Many small studies over the past decade have explored the possible benefits of this ubiquitous drug. But the field appears to be taking on fresh life as doctors test nicotine patches for neurological diseases in both children and the elderly, and drug companies race to concoct nicotine substitutes that carry fewer side effects.
At a conference Monday, doctors said the field's first gold-standard study – one in which dummy treatments are rigorously compared with the real thing – suggests the patch shows real promise in children with Tourette's syndrome, a strange affliction in which victims are beset by spates of tics, shouted obscenities and violent urges.
Still, nicotine has many drawbacks, including its unsavory reputation as the addictive grabber in cigarettes. Some experts believe nicotine's real future is in fake forms of the drug.

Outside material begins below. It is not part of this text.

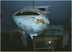The taxidermists who first mounted the whale shark did an admirable job, especially given the massive size of the animal and the very poor preservation of the skin, but time and the elements have not been kind to the whale shark. The Diorama Hall has no climate control or ventilation, so the whale shark was subjected to high temperatures in the summer and low temperatures in the winter. In 1996, the antiquated plumbing in the museum began to leak, causing water to drip on the shark. The water damage caused huge sections of skin to peel away from the whale shark’s armature like limp wallpaper.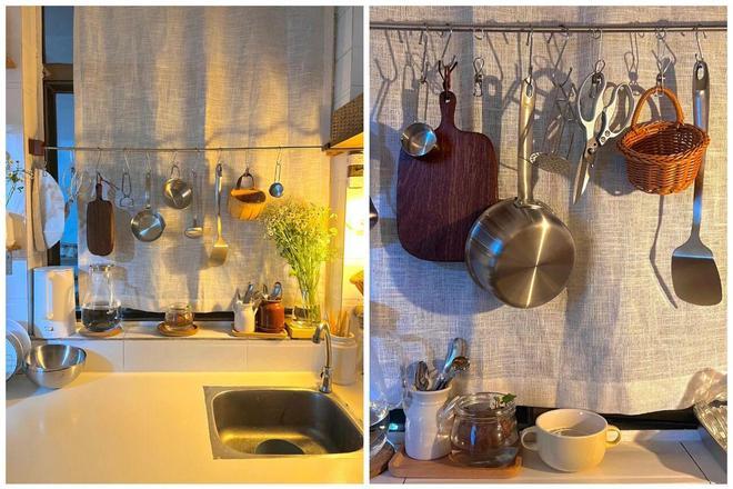 网友@桃小桃:真心建议给厨房窗户安装一根不锈钢挂杆,平时用来晾抹布太方便了;搭配几个挂钩,还能收纳一些零碎。最关键的是,它不会占用到台面的空间。

"The problem with nicotine is that it is nicotine. You're asking parents to put their kids on nicotine," said Dr. Paul R. Sanberg of the University of South Florida, who has tested the drug on more than 100 young Tourette's patients.

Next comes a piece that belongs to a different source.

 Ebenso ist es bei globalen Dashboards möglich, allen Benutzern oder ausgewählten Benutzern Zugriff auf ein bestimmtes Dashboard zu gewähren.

Typically, doctors treat Tourette's with Haldol, a powerful tranquilizer that is also used against schizophrenia. In the latest study, Sanberg and colleagues combined nicotine patches and Haldol in 70 children, half of whom got dummy patches.
The study found those on nicotine did better and were able to control their symptoms with lower than usual doses of Haldol. "The data suggest that a low-dose nicotine patch may be useful in Tourette's syndrome," said Sanberg.

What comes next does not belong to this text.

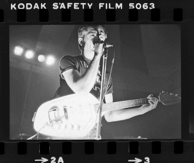 Photo of Ian Curtis Ian Curtis performing live onstage, playing Vox Phantom Special VI guitar CREDIT: Chris Mills/Redferns

He and others experimenting with nicotine described their research at a conference in Washington sponsored by the American Association for the Advancement of Science.
Nicotine patches and gum are available in drugstores without prescriptions. They are intended to help smokers wean themselves off cigarettes.
The researchers cautioned that smoking is a bad way to get medical nicotine. Besides the obvious cancer risk, drug levels spike much higher in cigarettes.
They also say more research is needed before nicotine patches become routine to treat diseases. However, Sanberg said that if Tourette's patients cannot control their symptoms with standard drugs, a low-dose patch might be worth trying.
Nicotine has been tested for many years in small-scale experiments against Alzheimer's disease and more recently against Parkinson's disease. Parkinson's causes tremors, rigid limbs and a shuffling walk, and like Alzheimer's, it may also result in problems with memory and thinking.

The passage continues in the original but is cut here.